For this purpose, the rotary tube 17 can have an external thread with such a steepness that no self-locking occurs - this nut then engages in a nut or driving device, not shown in the drawing, which is mounted in a suitable position in the handle 11 and which is free in one direction can rotate and is held in the other, for example by a ratchet. It can be seen that when the device is pulled apart, the simultaneous rotary movement of the clamping region 16 is brought about and only the axial displacement is effective when the device is brought together.

A prestressing spring 18 can also be provided, which is only indicated and is supported on both sides on an inner shoulder 19 of the handle 11 and on the other hand on a closing shoulder 20 of the rotary tube 17.

The twisting device also has an inner channel 21 which is guided from the receiving area 12 for the wire spool 13 to a mouth opening indicated at 22, so that when the wire spool 13 is inserted into the receiving part, for example, it is unwound from its inner turns, this wire 23 so far forward is led that it, from which state it was initially assumed, protrudes from the mouth opening 22 around a predetermined end region.

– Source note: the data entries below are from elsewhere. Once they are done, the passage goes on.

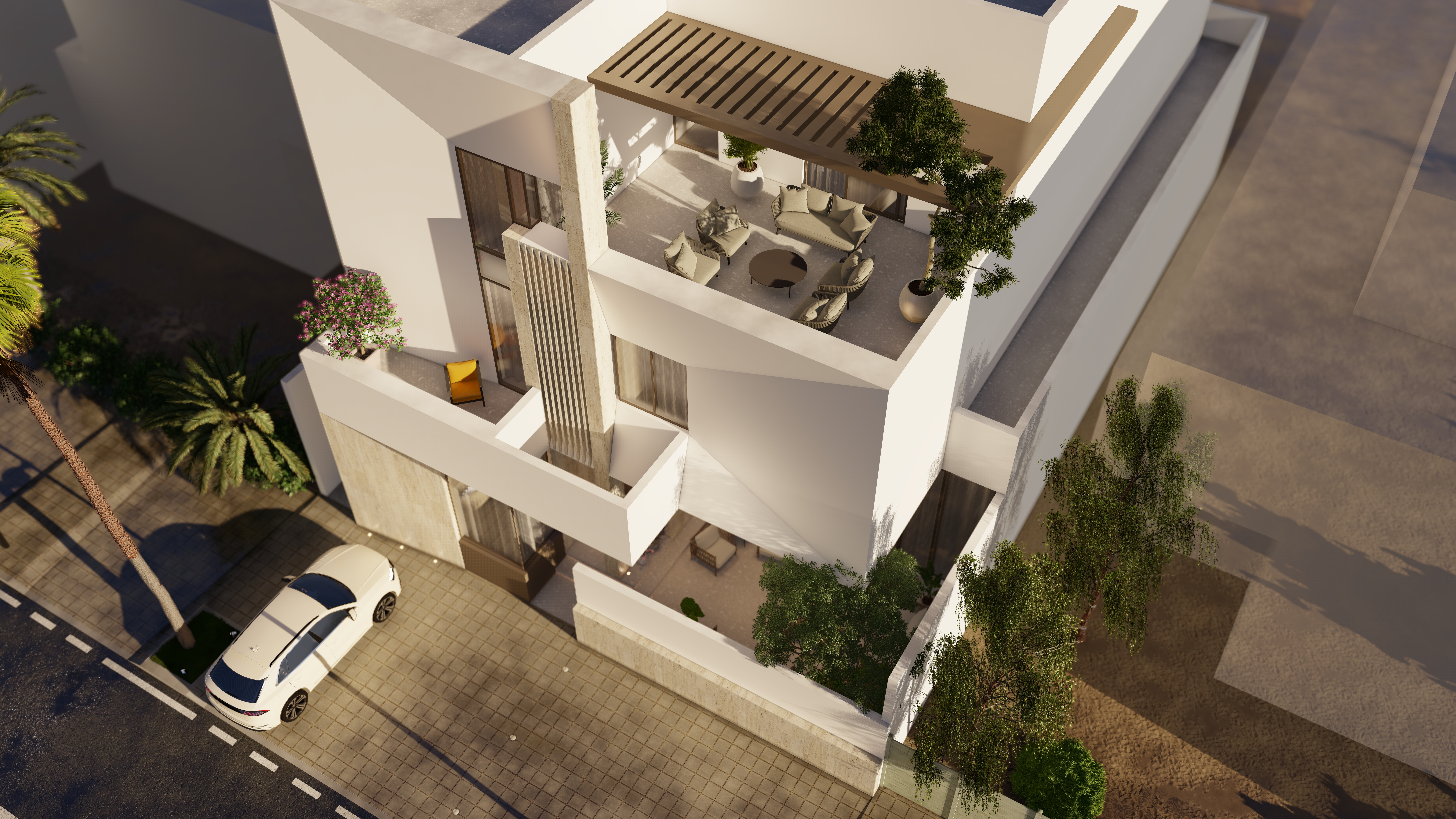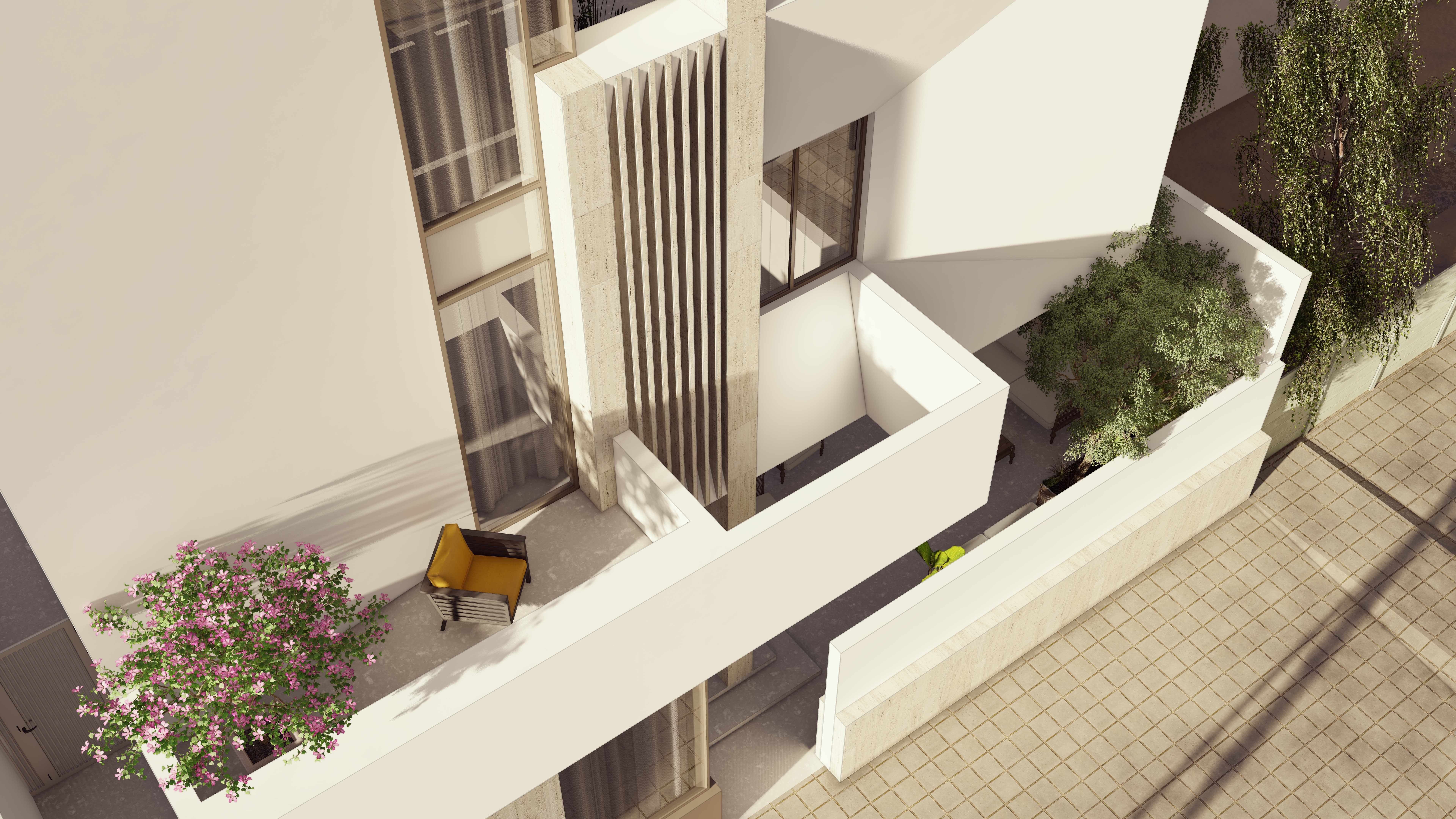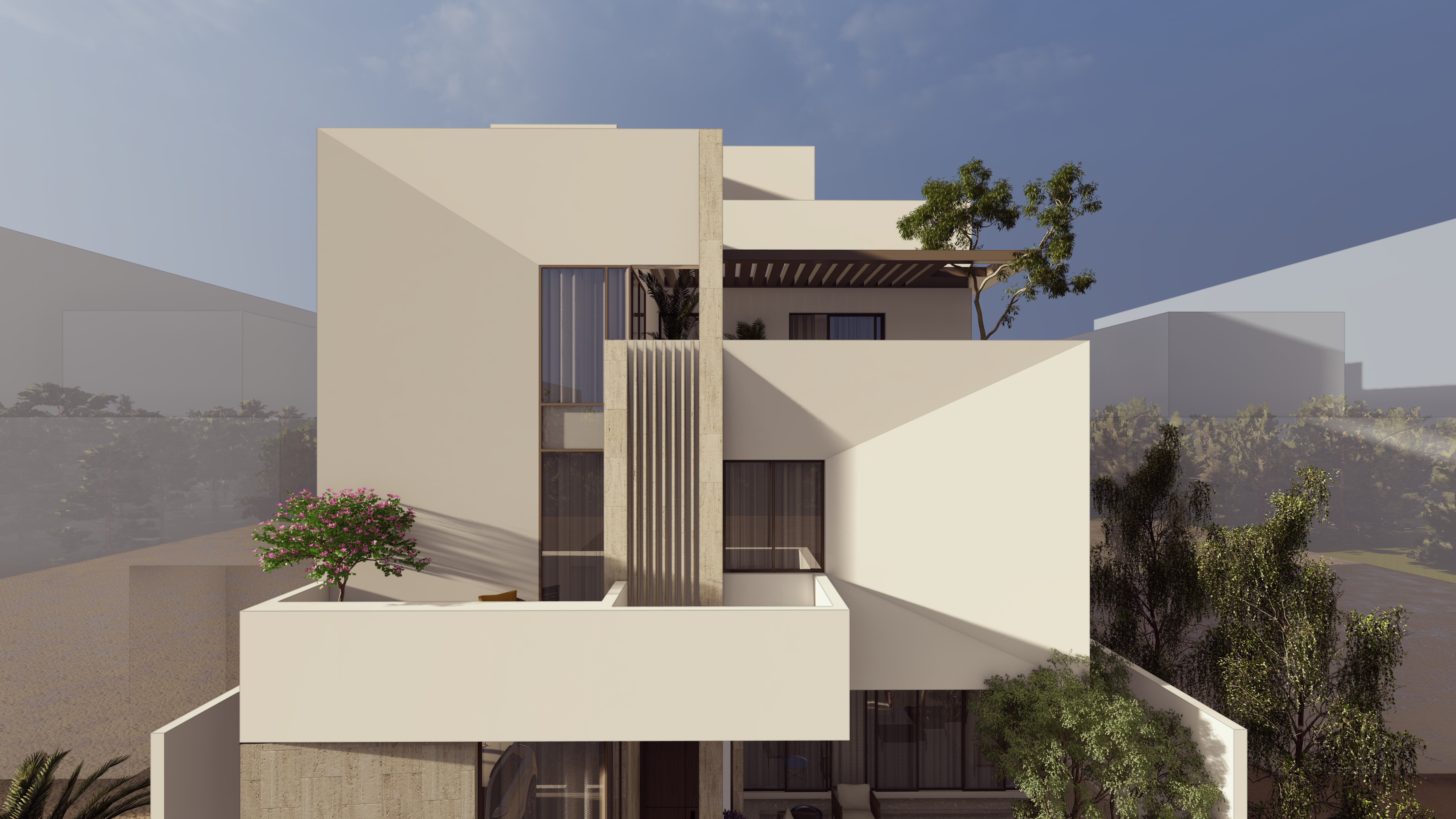 A vertical finned element adds depth, texture, and shadow play to the façade.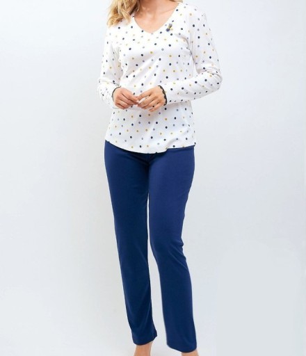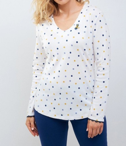 Piżama damska z delikatnej bawełny. Bluzka w groszki, z długim rękawem - mankiety wykończone ażurową koronką. Dekolt w kształcie litery V ozdobiony satynową kokardką. Do kompletu długie, jednolite spodnie w kontrastującym kolorze.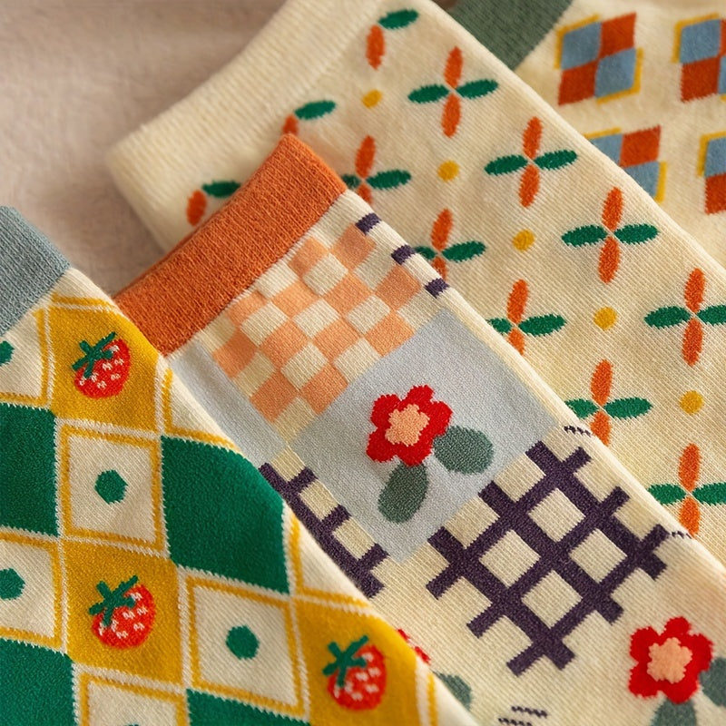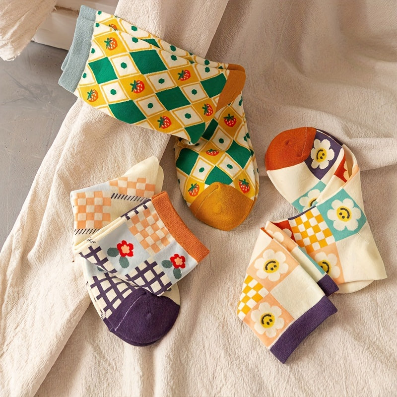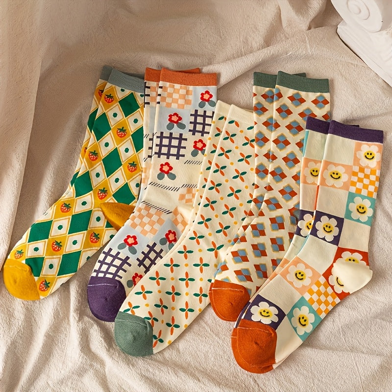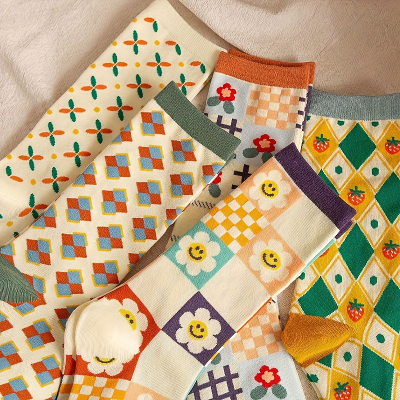 Мужские среднеголовные носки с клубничным солнечным узором для активного отдыха, набор из 5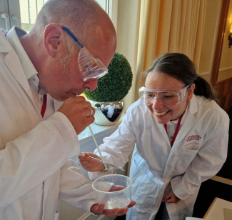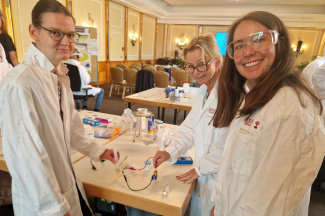 Aber auch die schulische Komponente war abgedeckt. In einem praxisorientierten Workshop durften wir Unterrichtskonzepte und Experimentieraufbauten ausprobieren, zum Beispiel das Bioleaching von Seltenerdmetallen aus Kombucha und die Klimamodellierung mit dem Monash Simple Climate Model. Ein besonderes Highlight war der Einblick in die Nobel Labs 360° per VR-Brille. Dadurch wurde mir verdeutlicht, wie digitale Medien komplexe naturwissenschaftliche Phänomene greifbar machen können.
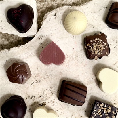 Dansk handgjord dessertchoklad. Hos oss är choklad mer än bara en söt frestelse – det är hjärtat av vårt företag. Vi är ytterst selektiva med våra råvaror, eftersom vi vet att äkta kvalitet kan smakas i varje tugga. Vårt sortiment erbjuder allt från intensiv mörk choklad med hög kakaohalt, krämig mjölkchoklad, exklusiv ruby-choklad och delikat vit choklad. Varje typ är noggrant utvald för att ge en oförglömlig smakupplevelse. Vi samarbetar med de bästa danska producenterna, och vår hemlagade Grand Cru choklad är gjord av premium kakaobönor från Sydamerika med en kakaohalt på över 70 %. Marsipanen tillverkas av söta mandlar från Italien och Spanien, medan nougaten kombinerar äkta hasselnötter och kakaosmör för en utsökt smak.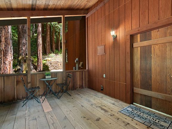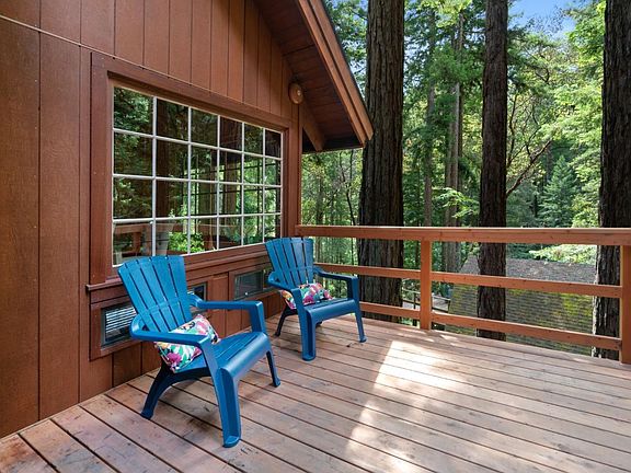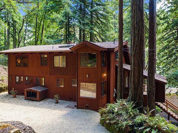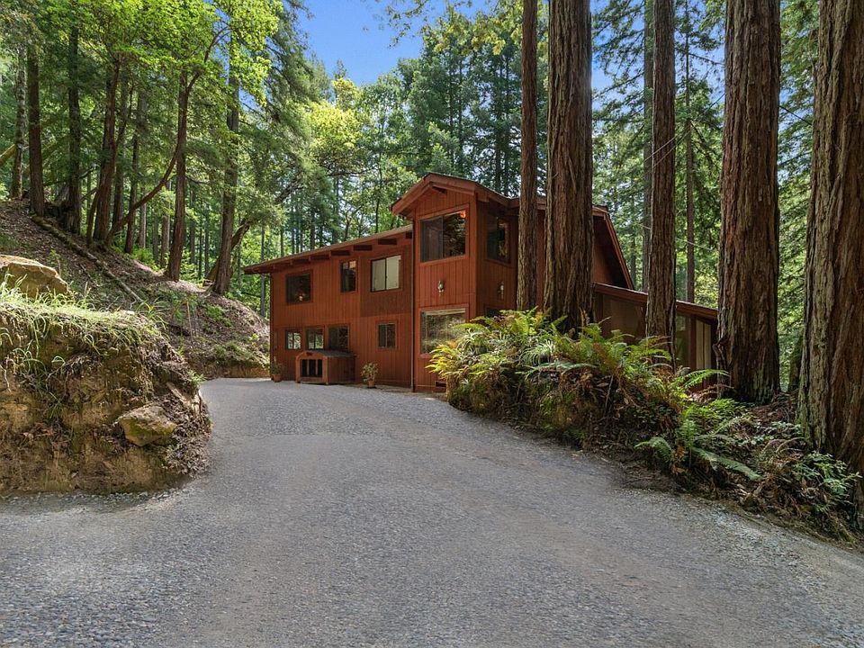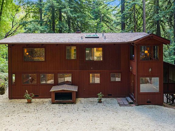 Private Ben Lomond retreat, 3BR/2BA plus detached guest unit. Situated on 7+ ac, surrounded by lush redwoods and a creek w/ a small waterfall, the only noises you hear are the peaceful sounds of nature. Spacious rooms feature beautiful woodwork throughout, from the floors to the cabinets, walls & vaulted ceilings, giving the home a cozy wood cabin vibe. Large living room w/ fireplace and sliding door to the back deck, plus formal dining room w/ stylish brick floors. Nicely updated kitchen w/ stainless appliances, double oven, ample cabinet & countertop space, and walk-in-pantry. Sizable master bedroom suite w/ walk-in-closet & attached bath w/ jetted tub & views. Two additional rooms, an upstairs bedroom w/ sunroom, and downstairs room w/ a built in desk & wood burning stove. Home also has 2 enclosed porches and a newly rebuilt front deck. Detached garage w/ room for parking & storage, plus a studio apartment. Located just minutes from town, shopping, dining & recreation.

Furthermore, it is essential in the present invention that this jaw opening 22 is formed on the clamping area 16 by the fact that clamping means are provided which automatically act upon a pulling action take action area 11 into action. In the embodiment shown in the drawing, these clamping means are formed by two opposing clamping jaws 16a, 16b which, in their storage, which is formed by a cylindrical thickened extension of the rotary tube 17 themselves, comprise a cam guide in which they are slidably displaceable but so mounted that the Clamping jaws 16a, 16b are pressed against each other due to their loose storage. The exemplary embodiment shows two longitudinal slots 24 on each of the clamping jaws 16a, 16b with such an inclination that, with the bearing tube, stationary pins 25 which slide in the longitudinal slots loosen the jaws during a backward movement of the handle part 11 in a counter-movement. It goes without saying that any engagement mechanisms with cams which can be displaced along a curve can be provided here in order to achieve the desired clamping and, as will be explained further below, also clipping action on the wire ends.

The basic function is as follows:

When a new wire spool 13 is inserted into the receiving area 12, the inner windings first unwind such a length of wire that it passes through the channel 21 to the front mouth opening 22.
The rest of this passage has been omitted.